The agent starts each conversation with access to a lightweight set of base capabilities and a catalog of available skills. When a user asks something that requires a specific capability, the agent activates the appropriate skill — no routing logic, no hand-off, no user decision required. The user says "write me a blog post with a cover image" and the agent just… activates the blog skill and the design skill, and gets to work.

This is the part that would have been unthinkable in 2024. Trusting a model to read a catalog of ~15 skills, accurately assess which ones it needs, activate them, absorb the new context, and proceed with the task — all in a single conversation? That would have been reckless back then. Today it's reliable enough that our users don't even think about it. Which is exactly the point.
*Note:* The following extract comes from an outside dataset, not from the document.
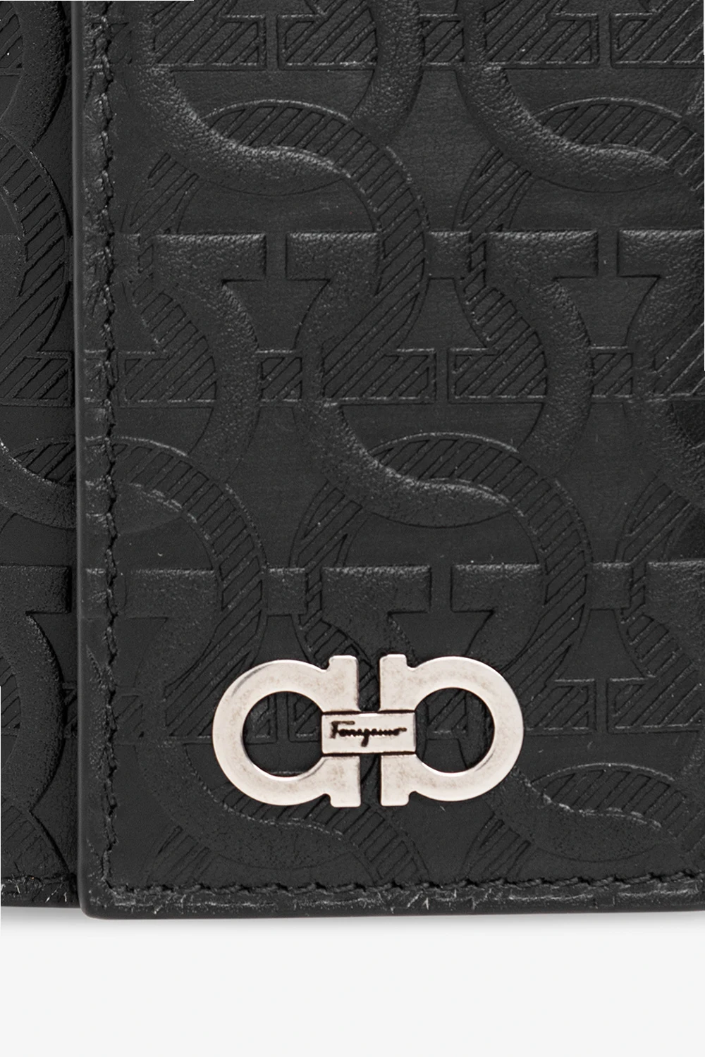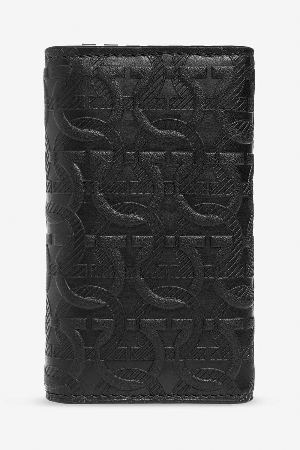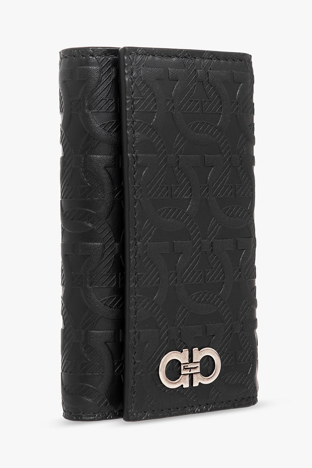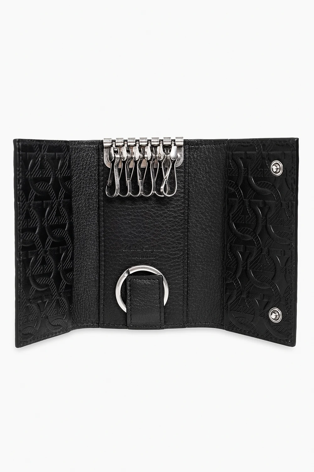 Czarne, składane etui na klucze Salvatore Ferragamo. Wykonane ze skóry zdobionej tłoczonym, charakterystycznym wzorem ‘Gancini’. Zamykane na zatrzaski. Z przodu aplikacja w kolorze srebrnym z logo. Wewnątrz dwie wsuwane kieszenie i breloki na klucze.

The Results: Composable, Simple, Extensible

The end result didn't fundamentally change what our agent framework was capable of. The same workflows exist. The same tools are available. But the experience of using the platform changed dramatically — even for our CEO, who was already well-versed in wrangling multiple agents to achieve his marketing goals:

Three things stand out:

Composable. The agent can activate multiple skills simultaneously. Need to write a blog post, generate a cover image, and schedule it as part of a campaign? That's three skills working together in one conversation. No hand-offs, no context switching, no lost state between agents.

Simple to grasp. No more complex routing or pathfinding for the user to puzzle over. The user just sees work getting done. And frankly, that's all they care about. The infrastructure underneath is invisible, which is how it should be.

Extensible. This is the one I'm most excited about. Users can write their own skills to craft custom workflows on top of what we provide. The skill abstraction creates a clean extension point that doesn't require understanding the full agent framework — just define your context, your tools, and your workflow, and the agent handles the rest.

What's Next

Skills are live on Quotient now and I'm genuinely stoked about where we go from here. The skills rewrite got us up to speed with where the industry has landed on agentic architecture — but it also opens up a clear roadmap for what comes next.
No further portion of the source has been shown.